_The problem_:
Would you copy out the following entries exactly, without any of the pictures?

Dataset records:
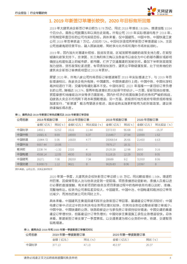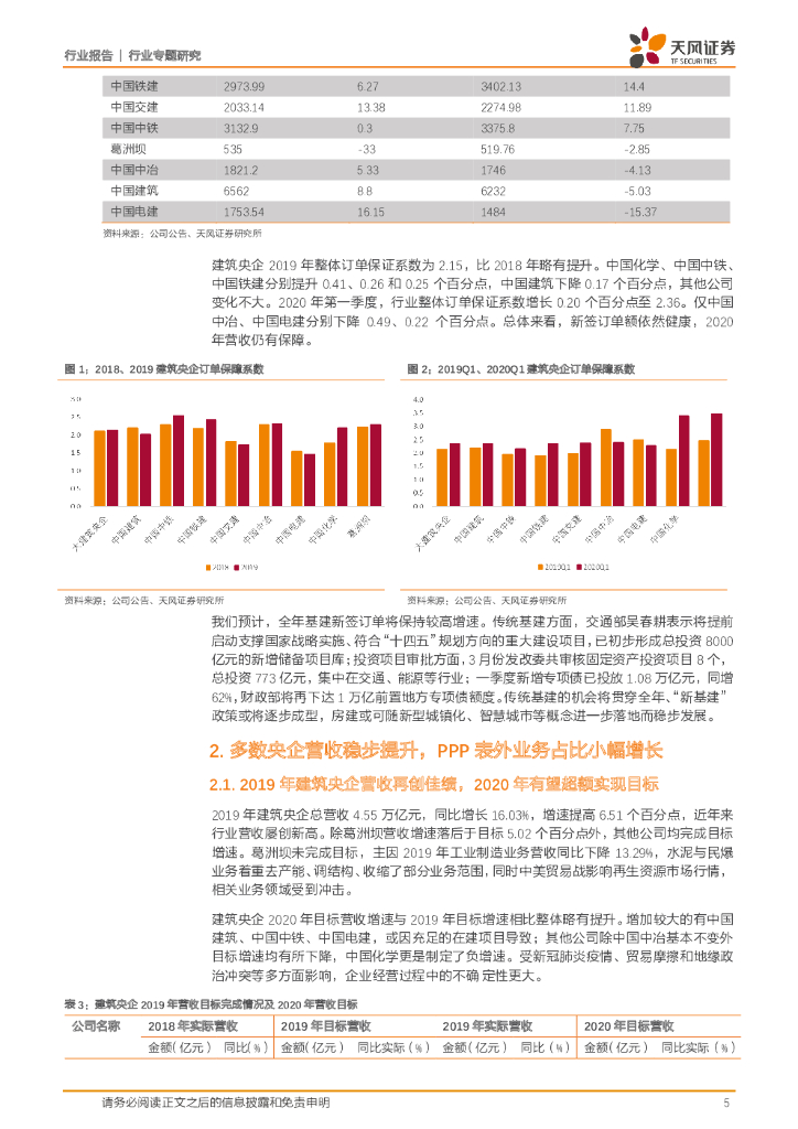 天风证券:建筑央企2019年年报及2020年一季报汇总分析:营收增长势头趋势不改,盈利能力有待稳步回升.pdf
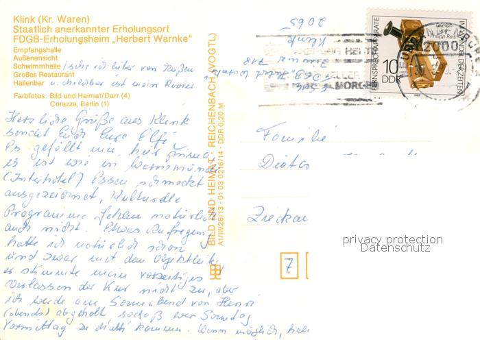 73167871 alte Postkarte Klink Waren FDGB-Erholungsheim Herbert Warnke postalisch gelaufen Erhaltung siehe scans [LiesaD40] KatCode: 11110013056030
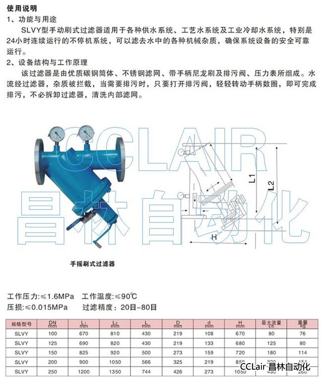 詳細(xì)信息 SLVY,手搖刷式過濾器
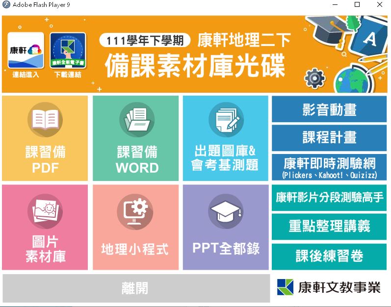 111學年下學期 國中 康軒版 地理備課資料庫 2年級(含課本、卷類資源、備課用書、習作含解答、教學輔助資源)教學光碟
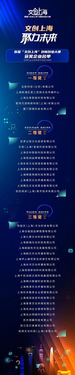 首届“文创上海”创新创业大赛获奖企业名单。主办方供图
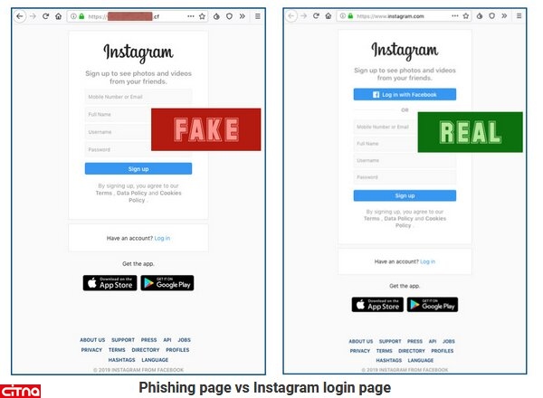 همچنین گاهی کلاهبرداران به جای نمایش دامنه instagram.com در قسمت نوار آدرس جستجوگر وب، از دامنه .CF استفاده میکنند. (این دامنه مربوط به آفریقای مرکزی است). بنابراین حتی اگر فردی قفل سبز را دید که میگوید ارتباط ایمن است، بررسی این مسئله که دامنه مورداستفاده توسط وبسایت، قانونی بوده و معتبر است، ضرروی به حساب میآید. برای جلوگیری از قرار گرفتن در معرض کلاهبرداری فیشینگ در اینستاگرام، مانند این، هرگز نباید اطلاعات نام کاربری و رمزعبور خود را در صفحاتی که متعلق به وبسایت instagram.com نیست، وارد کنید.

_Task response_:
 天风证券:建筑央企2019年年报及2020年一季报汇总分析:营收增长势头趋势不改,盈利能力有待稳步回升.pdf
 73167871 alte Postkarte Klink Waren FDGB-Erholungsheim Herbert Warnke postalisch gelaufen Erhaltung siehe scans [LiesaD40] KatCode: 11110013056030
 詳細(xì)信息 SLVY,手搖刷式過濾器
 111學年下學期 國中 康軒版 地理備課資料庫 2年級(含課本、卷類資源、備課用書、習作含解答、教學輔助資源)教學光碟
 首届“文创上海”创新创业大赛获奖企业名单。主办方供图
 همچنین گاهی کلاهبرداران به جای نمایش دامنه instagram.com در قسمت نوار آدرس جستجوگر وب، از دامنه .CF استفاده میکنند. (این دامنه مربوط به آفریقای مرکزی است). بنابراین حتی اگر فردی قفل سبز را دید که میگوید ارتباط ایمن است، بررسی این مسئله که دامنه مورداستفاده توسط وبسایت، قانونی بوده و معتبر است، ضرروی به حساب میآید. برای جلوگیری از قرار گرفتن در معرض کلاهبرداری فیشینگ در اینستاگرام، مانند این، هرگز نباید اطلاعات نام کاربری و رمزعبور خود را در صفحاتی که متعلق به وبسایت instagram.com نیست، وارد کنید.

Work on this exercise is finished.